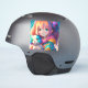Belle Anime fille avec deux yeux de couleur différente tenant un adorable chiot. Les couleurs utilisées sont le rose, l'orange, le bleu, le violet et le bleu. Enfants mignons et colorés Ai art. génatviecontent
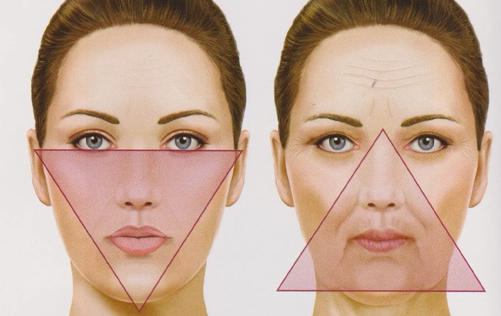 С возрастом кожа теряет эластичность, и мягкие ткани лица постепенно опускаются вниз, образуя носогубные складки, брыли и второй подбородок. Такое опущение и есть птоз. При нем лицо тоже напоминает треугольник, только уже с основанием в нижней трети лица. Как несложно догадаться, такой вид символизирует старость. К счастью, птоз не наступает в один момент. Он имеет разные стадии, на каждой из которых его можно убрать соответствующими методами.
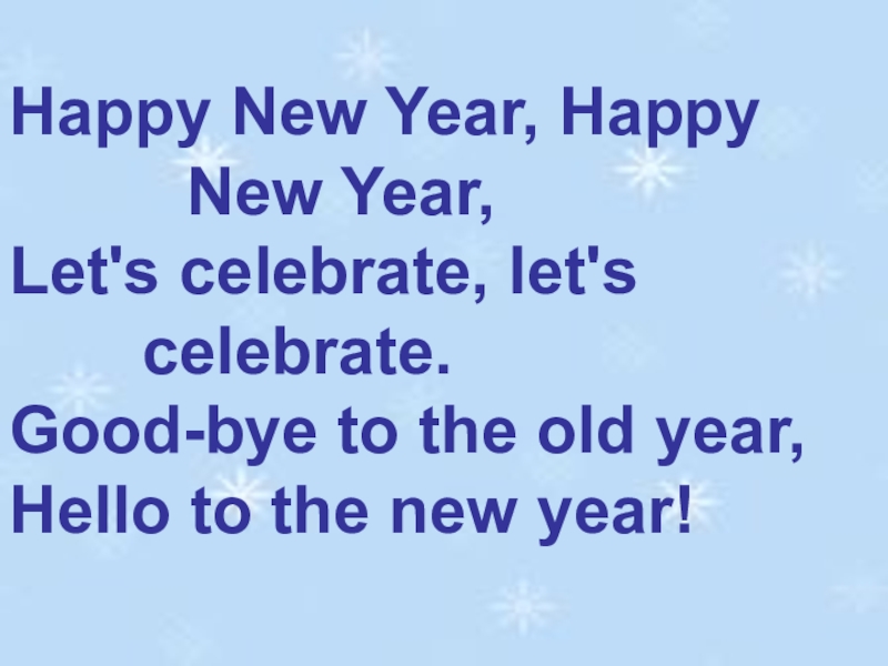 Слайд 6Happy New Year, Happy New Year, Let's celebrate, let's celebrate. Good-bye to
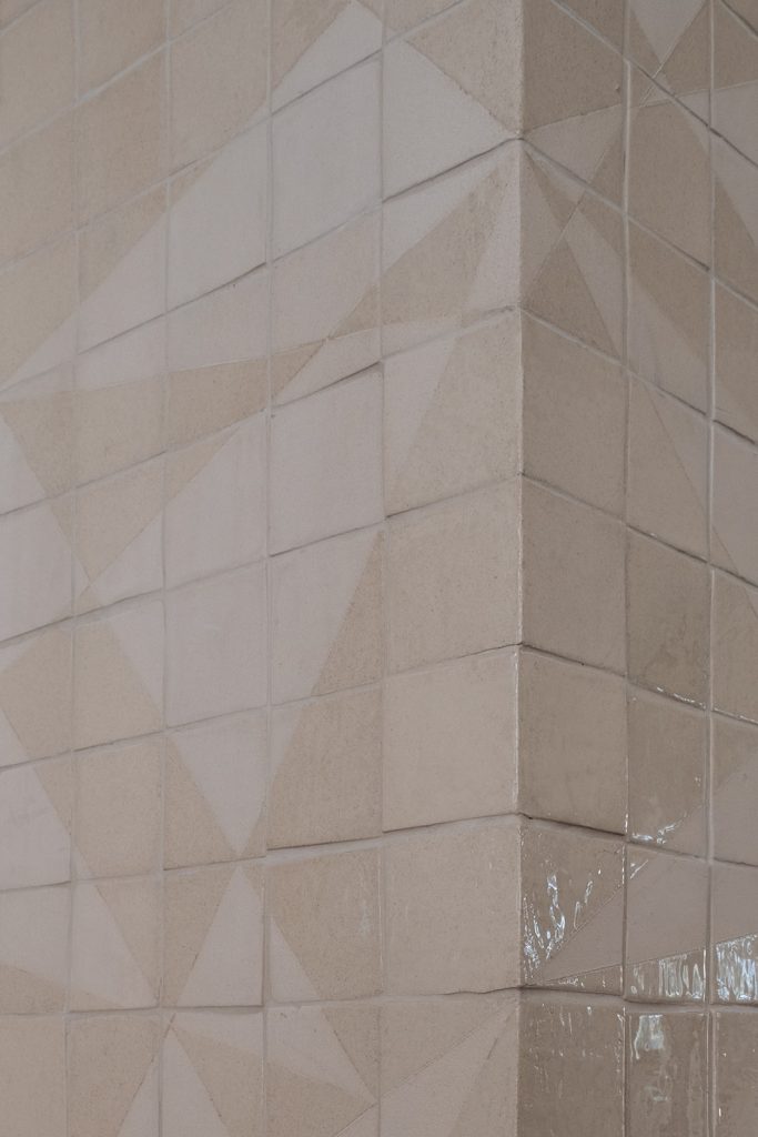 Propuse un panel sin color, en el que el dibujo geométrico nace de la yuxtaposición de zonas esmaltadas y zonas en las que el azulejo no lleva esmalte. Todas las piezas están cocidas a una temperatura muy alta (1300ºC) para conseguir así que en las zonas no esmaltadas el poro del grés se cierre e impida la entrada de suciedad.
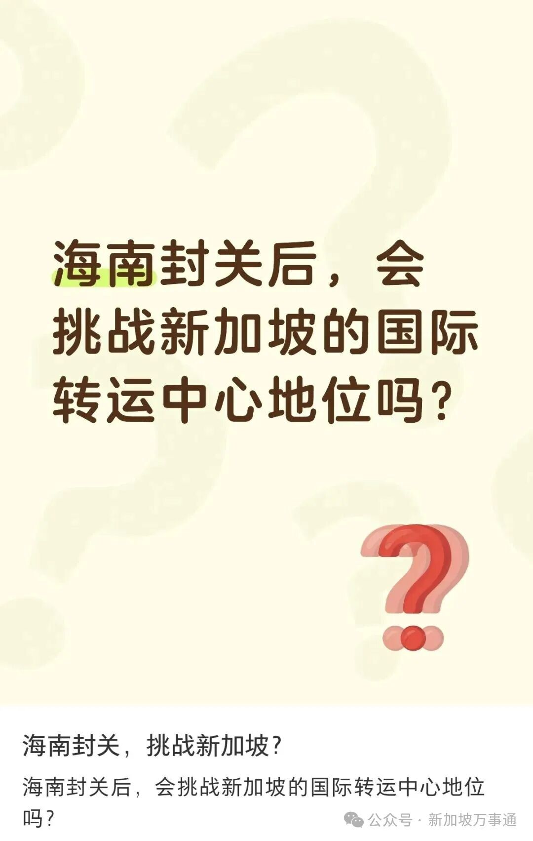 今天,万事通就带大家深度揭秘海南封关背后的隐情!而作为东南亚经济枢纽的新加坡,又会因此受到哪些影响?

+===+

TASK INSTRUCTIONS: I need the lines from the one containing "Слайд 6Happy New" through the end of the records retyped exactly, with the pictures left out.

SOLUTION TO THIS EXERCISE:
 Слайд 6Happy New Year, Happy New Year, Let's celebrate, let's celebrate. Good-bye to
 Propuse un panel sin color, en el que el dibujo geométrico nace de la yuxtaposición de zonas esmaltadas y zonas en las que el azulejo no lleva esmalte. Todas las piezas están cocidas a una temperatura muy alta (1300ºC) para conseguir así que en las zonas no esmaltadas el poro del grés se cierre e impida la entrada de suciedad.
 今天,万事通就带大家深度揭秘海南封关背后的隐情!而作为东南亚经济枢纽的新加坡,又会因此受到哪些影响?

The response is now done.